== Given data ==

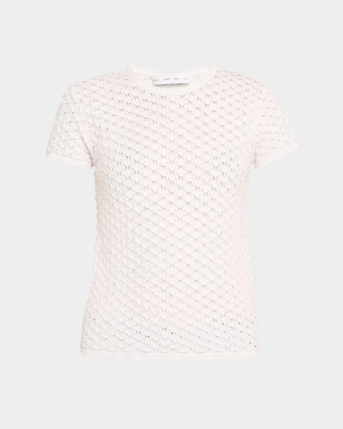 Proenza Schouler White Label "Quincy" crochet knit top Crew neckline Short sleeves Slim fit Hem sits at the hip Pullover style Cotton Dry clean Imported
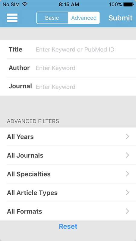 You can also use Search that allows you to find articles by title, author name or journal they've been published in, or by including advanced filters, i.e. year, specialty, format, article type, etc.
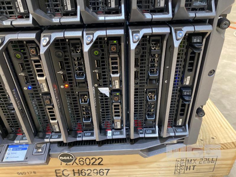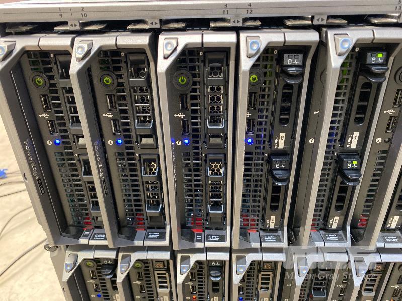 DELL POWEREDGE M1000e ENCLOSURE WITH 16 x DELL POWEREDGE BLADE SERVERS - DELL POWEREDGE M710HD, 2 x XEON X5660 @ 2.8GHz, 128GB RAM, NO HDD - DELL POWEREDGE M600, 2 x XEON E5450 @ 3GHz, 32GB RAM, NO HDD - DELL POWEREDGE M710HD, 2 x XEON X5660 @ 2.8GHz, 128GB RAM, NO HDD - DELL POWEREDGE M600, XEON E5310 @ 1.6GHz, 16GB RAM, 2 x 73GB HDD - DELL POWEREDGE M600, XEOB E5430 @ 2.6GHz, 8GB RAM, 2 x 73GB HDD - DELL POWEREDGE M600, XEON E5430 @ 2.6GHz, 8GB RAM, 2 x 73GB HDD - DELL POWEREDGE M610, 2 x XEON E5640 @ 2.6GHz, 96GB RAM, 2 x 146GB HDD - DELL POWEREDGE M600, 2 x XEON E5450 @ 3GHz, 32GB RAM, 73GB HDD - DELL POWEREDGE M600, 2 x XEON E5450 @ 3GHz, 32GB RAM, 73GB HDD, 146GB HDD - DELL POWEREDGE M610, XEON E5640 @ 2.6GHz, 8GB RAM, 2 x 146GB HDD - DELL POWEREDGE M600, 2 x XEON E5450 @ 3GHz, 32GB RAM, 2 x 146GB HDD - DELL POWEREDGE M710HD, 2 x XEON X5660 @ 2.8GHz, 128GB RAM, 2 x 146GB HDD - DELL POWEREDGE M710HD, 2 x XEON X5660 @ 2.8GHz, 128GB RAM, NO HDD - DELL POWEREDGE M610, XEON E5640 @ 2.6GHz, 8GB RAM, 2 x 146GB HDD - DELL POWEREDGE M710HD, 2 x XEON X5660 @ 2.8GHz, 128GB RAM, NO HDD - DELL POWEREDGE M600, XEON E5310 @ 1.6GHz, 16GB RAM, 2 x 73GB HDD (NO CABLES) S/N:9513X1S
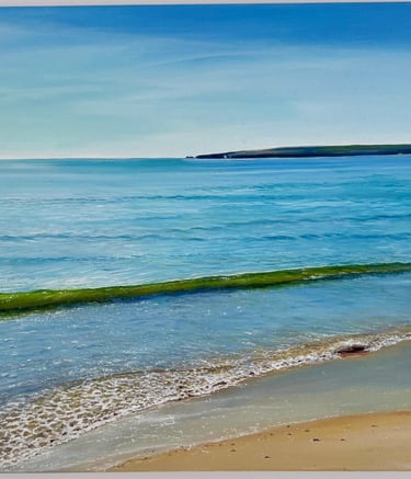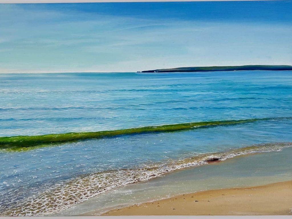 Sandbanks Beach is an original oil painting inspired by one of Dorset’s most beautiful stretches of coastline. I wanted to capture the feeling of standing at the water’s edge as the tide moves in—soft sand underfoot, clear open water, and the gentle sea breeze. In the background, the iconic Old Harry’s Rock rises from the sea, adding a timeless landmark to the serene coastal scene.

===

Exercise instructions
Only the pictures are to be dropped; all other material above must be repeated exactly.

Result of this exercise
 Proenza Schouler White Label "Quincy" crochet knit top Crew neckline Short sleeves Slim fit Hem sits at the hip Pullover style Cotton Dry clean Imported
 You can also use Search that allows you to find articles by title, author name or journal they've been published in, or by including advanced filters, i.e. year, specialty, format, article type, etc.
 DELL POWEREDGE M1000e ENCLOSURE WITH 16 x DELL POWEREDGE BLADE SERVERS - DELL POWEREDGE M710HD, 2 x XEON X5660 @ 2.8GHz, 128GB RAM, NO HDD - DELL POWEREDGE M600, 2 x XEON E5450 @ 3GHz, 32GB RAM, NO HDD - DELL POWEREDGE M710HD, 2 x XEON X5660 @ 2.8GHz, 128GB RAM, NO HDD - DELL POWEREDGE M600, XEON E5310 @ 1.6GHz, 16GB RAM, 2 x 73GB HDD - DELL POWEREDGE M600, XEOB E5430 @ 2.6GHz, 8GB RAM, 2 x 73GB HDD - DELL POWEREDGE M600, XEON E5430 @ 2.6GHz, 8GB RAM, 2 x 73GB HDD - DELL POWEREDGE M610, 2 x XEON E5640 @ 2.6GHz, 96GB RAM, 2 x 146GB HDD - DELL POWEREDGE M600, 2 x XEON E5450 @ 3GHz, 32GB RAM, 73GB HDD - DELL POWEREDGE M600, 2 x XEON E5450 @ 3GHz, 32GB RAM, 73GB HDD, 146GB HDD - DELL POWEREDGE M610, XEON E5640 @ 2.6GHz, 8GB RAM, 2 x 146GB HDD - DELL POWEREDGE M600, 2 x XEON E5450 @ 3GHz, 32GB RAM, 2 x 146GB HDD - DELL POWEREDGE M710HD, 2 x XEON X5660 @ 2.8GHz, 128GB RAM, 2 x 146GB HDD - DELL POWEREDGE M710HD, 2 x XEON X5660 @ 2.8GHz, 128GB RAM, NO HDD - DELL POWEREDGE M610, XEON E5640 @ 2.6GHz, 8GB RAM, 2 x 146GB HDD - DELL POWEREDGE M710HD, 2 x XEON X5660 @ 2.8GHz, 128GB RAM, NO HDD - DELL POWEREDGE M600, XEON E5310 @ 1.6GHz, 16GB RAM, 2 x 73GB HDD (NO CABLES) S/N:9513X1S
 Sandbanks Beach is an original oil painting inspired by one of Dorset’s most beautiful stretches of coastline. I wanted to capture the feeling of standing at the water’s edge as the tide moves in—soft sand underfoot, clear open water, and the gentle sea breeze. In the background, the iconic Old Harry’s Rock rises from the sea, adding a timeless landmark to the serene coastal scene.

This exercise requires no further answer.